# WORK TASK
Look below for the line with "走访过程中,黄文仔细询问留校" and the line with "Tranquil sunset over"; repeat exactly those two lines and all lines between them, but no pictures.

━━━━━━

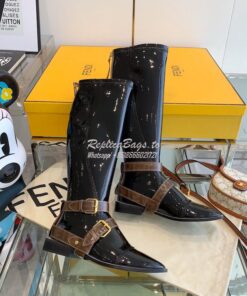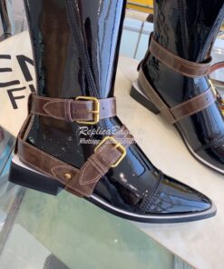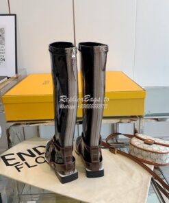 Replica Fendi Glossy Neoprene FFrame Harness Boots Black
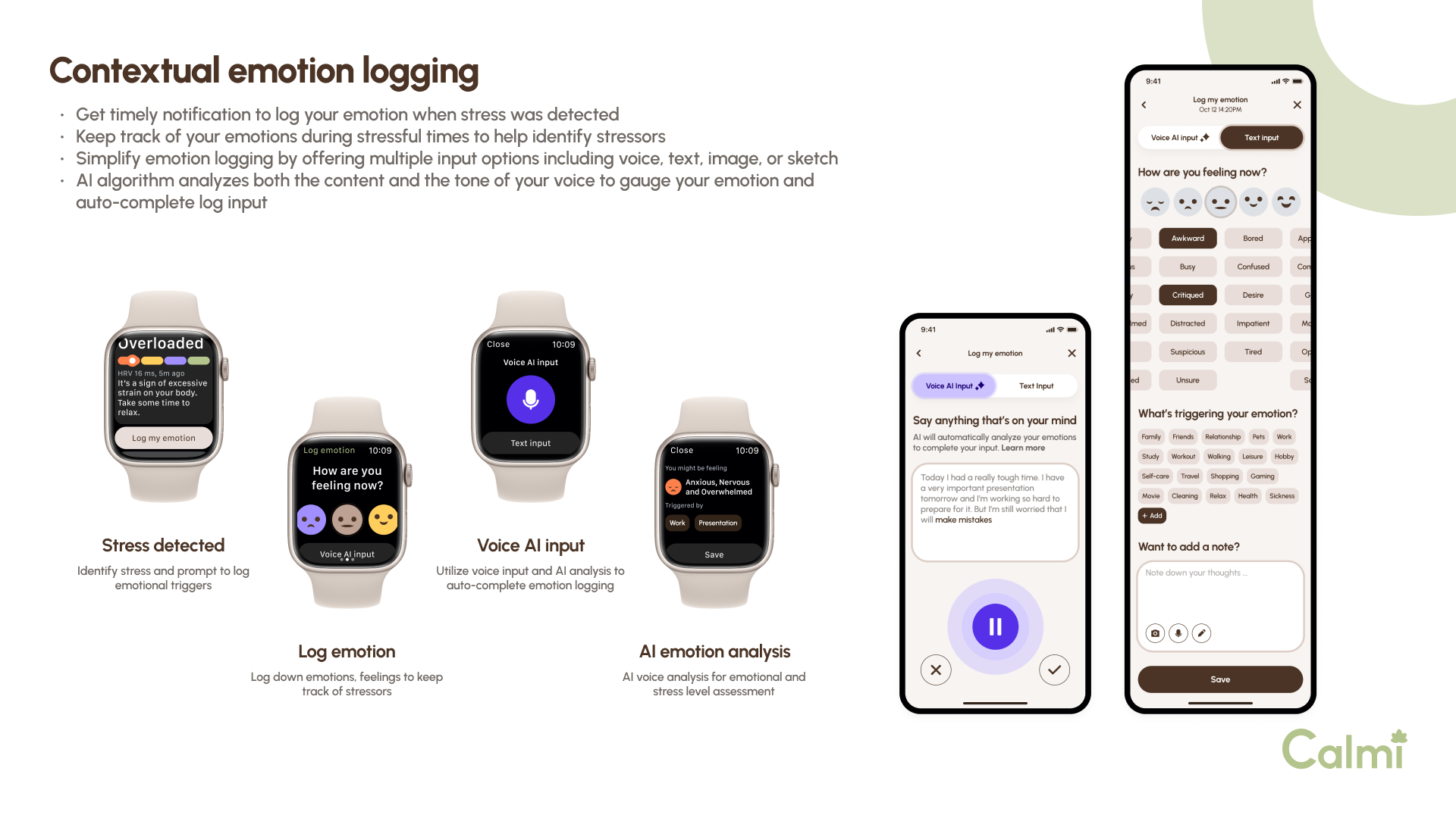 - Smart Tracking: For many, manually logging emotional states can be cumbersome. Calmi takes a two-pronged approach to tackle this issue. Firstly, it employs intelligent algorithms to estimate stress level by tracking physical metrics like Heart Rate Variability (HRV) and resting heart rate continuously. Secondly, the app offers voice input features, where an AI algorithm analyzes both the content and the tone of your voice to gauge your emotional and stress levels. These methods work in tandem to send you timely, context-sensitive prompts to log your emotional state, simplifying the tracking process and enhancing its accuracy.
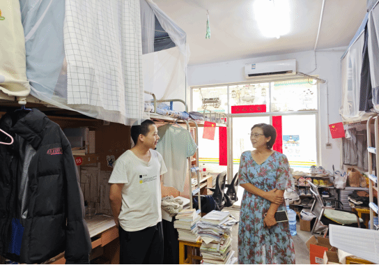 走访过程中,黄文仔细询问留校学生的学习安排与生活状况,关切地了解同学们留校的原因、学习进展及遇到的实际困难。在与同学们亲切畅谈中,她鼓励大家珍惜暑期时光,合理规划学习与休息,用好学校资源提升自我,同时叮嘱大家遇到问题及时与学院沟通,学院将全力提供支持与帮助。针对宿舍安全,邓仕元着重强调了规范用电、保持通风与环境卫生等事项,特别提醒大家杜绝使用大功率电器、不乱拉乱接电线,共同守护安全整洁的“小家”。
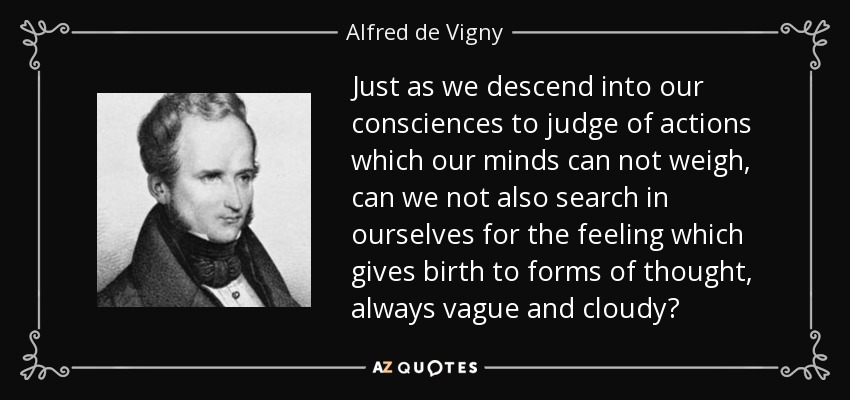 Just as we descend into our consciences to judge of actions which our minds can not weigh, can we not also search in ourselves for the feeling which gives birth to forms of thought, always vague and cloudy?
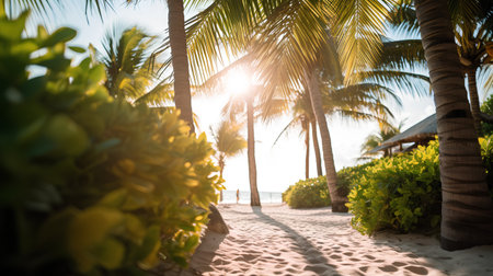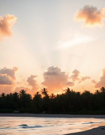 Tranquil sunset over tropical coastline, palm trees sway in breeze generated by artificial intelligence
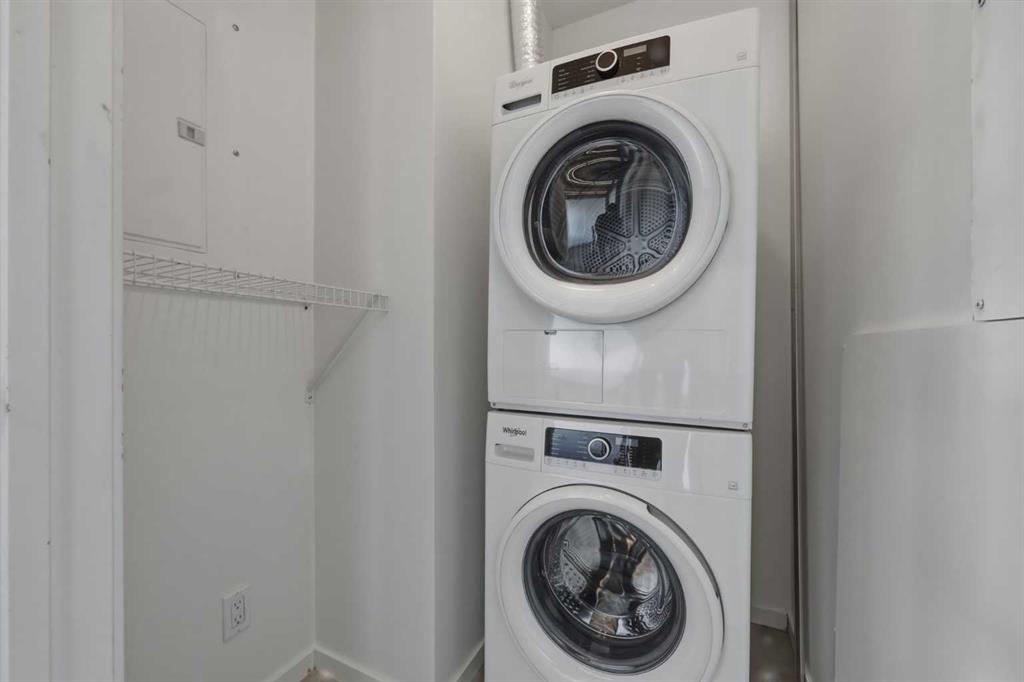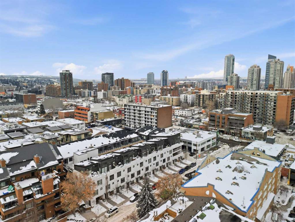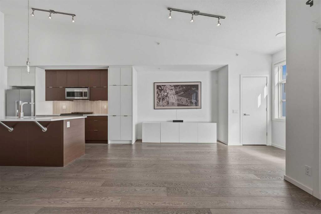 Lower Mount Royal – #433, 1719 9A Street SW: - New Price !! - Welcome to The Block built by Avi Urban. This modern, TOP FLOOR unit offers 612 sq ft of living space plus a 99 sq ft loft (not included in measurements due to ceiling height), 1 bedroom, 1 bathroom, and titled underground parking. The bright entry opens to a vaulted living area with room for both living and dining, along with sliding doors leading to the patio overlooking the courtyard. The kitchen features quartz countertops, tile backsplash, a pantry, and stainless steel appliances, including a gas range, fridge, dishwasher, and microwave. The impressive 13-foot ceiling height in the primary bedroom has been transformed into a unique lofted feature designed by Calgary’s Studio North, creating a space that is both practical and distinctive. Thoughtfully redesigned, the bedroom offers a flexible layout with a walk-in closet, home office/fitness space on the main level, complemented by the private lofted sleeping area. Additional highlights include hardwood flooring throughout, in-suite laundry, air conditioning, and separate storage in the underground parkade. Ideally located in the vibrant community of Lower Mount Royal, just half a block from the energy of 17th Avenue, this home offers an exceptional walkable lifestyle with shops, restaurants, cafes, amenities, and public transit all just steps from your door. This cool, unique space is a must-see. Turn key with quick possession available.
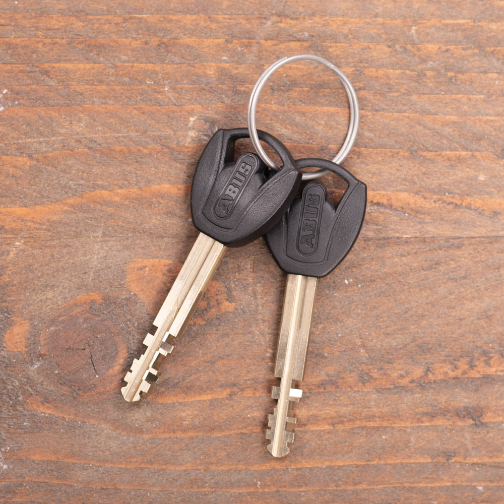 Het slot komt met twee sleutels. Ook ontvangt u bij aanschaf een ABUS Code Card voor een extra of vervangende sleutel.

━━━━━━

# EXPECTED OUTPUT
 走访过程中,黄文仔细询问留校学生的学习安排与生活状况,关切地了解同学们留校的原因、学习进展及遇到的实际困难。在与同学们亲切畅谈中,她鼓励大家珍惜暑期时光,合理规划学习与休息,用好学校资源提升自我,同时叮嘱大家遇到问题及时与学院沟通,学院将全力提供支持与帮助。针对宿舍安全,邓仕元着重强调了规范用电、保持通风与环境卫生等事项,特别提醒大家杜绝使用大功率电器、不乱拉乱接电线,共同守护安全整洁的“小家”。
 Just as we descend into our consciences to judge of actions which our minds can not weigh, can we not also search in ourselves for the feeling which gives birth to forms of thought, always vague and cloudy?
 Tranquil sunset over tropical coastline, palm trees sway in breeze generated by artificial intelligence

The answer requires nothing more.